Records drawn from a dataset:
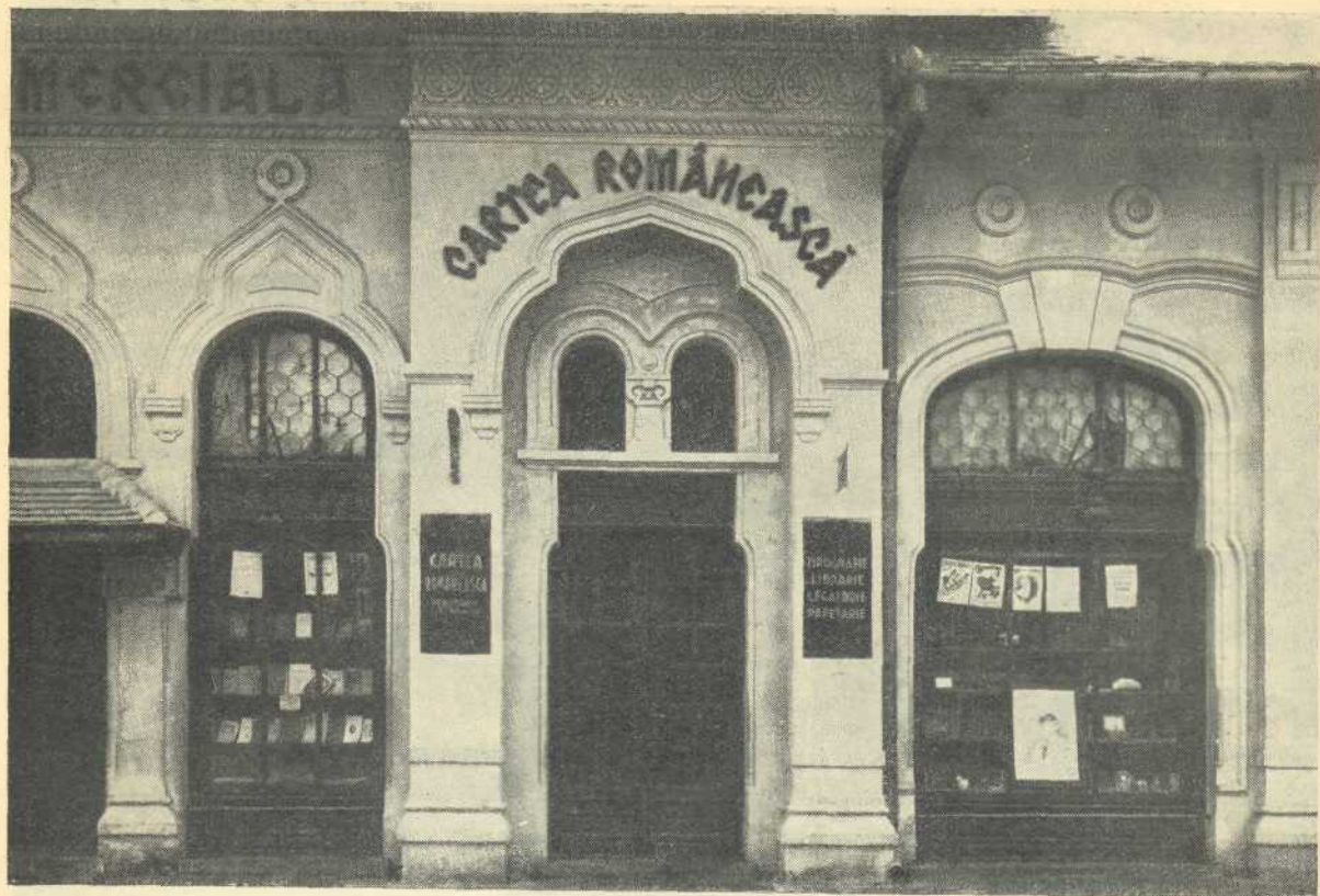
Librăria „Cartea Românească” din Dicio Sănmărtin
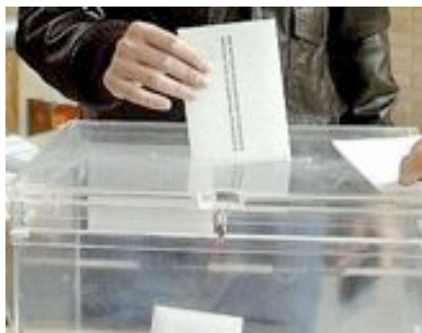
Votar als consellers i conselleres pot afavorir la proximitat

La Proposta d'ERC insta al Parlament de Catalunya a incorporar en la futura llei electoral catalana la possibilitat que aquelles ciutats que prevegin en el seu ROM la creació de Consells de Districte, puguin optar a l'elecció directa dels seus membres. I a continuació proposa “Iniciar un procés de modificació del ROM (Reglament Orgànic Municipal) per tal d'introduir l'elecció directa dels Consellers i Conselleres de Districte mitjançant llistes de vot preferent”.
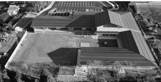
令和3年12月に開園した「つばきこども園」
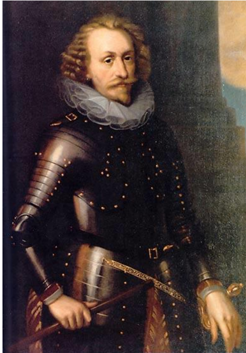
Philips, graaf van Hohenlohe (1550 - 1606) uit Würzburg.

Maarten Schenk gaat na deze overwinning zonder problemen naar Groningen. De stad blijft voorlopig in Spaanse handen.
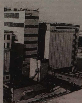
NA ZDJĘCIACH: stary XVIII-wieczny wiatrak w rejonie poniewieskim; nowy młyn SA „Malsena”.

Nadzwyczajnym cennym produktem są kiełki pszenicy, zawierające mnóstwo substancji organicznych, białka, witamin, tłuszczów, węglowodanów. Skład chemiczny kiełków badano w Szwajcarii, Włoszech, USA, Niemczech, W. Brytanii, Polsce, Japonii, Rosji. Młyn poniewieski zaczął dostarczać je konsumentom w lutym 1996 roku.

# Assigned task
Set down exactly the lines between the line containing "Philips, graaf van" and the end of the records above, both ends included; pictures stay out.

# Result of this exercise
Philips, graaf van Hohenlohe (1550 - 1606) uit Würzburg.

Maarten Schenk gaat na deze overwinning zonder problemen naar Groningen. De stad blijft voorlopig in Spaanse handen.
NA ZDJĘCIACH: stary XVIII-wieczny wiatrak w rejonie poniewieskim; nowy młyn SA „Malsena”.

Nadzwyczajnym cennym produktem są kiełki pszenicy, zawierające mnóstwo substancji organicznych, białka, witamin, tłuszczów, węglowodanów. Skład chemiczny kiełków badano w Szwajcarii, Włoszech, USA, Niemczech, W. Brytanii, Polsce, Japonii, Rosji. Młyn poniewieski zaczął dostarczać je konsumentom w lutym 1996 roku.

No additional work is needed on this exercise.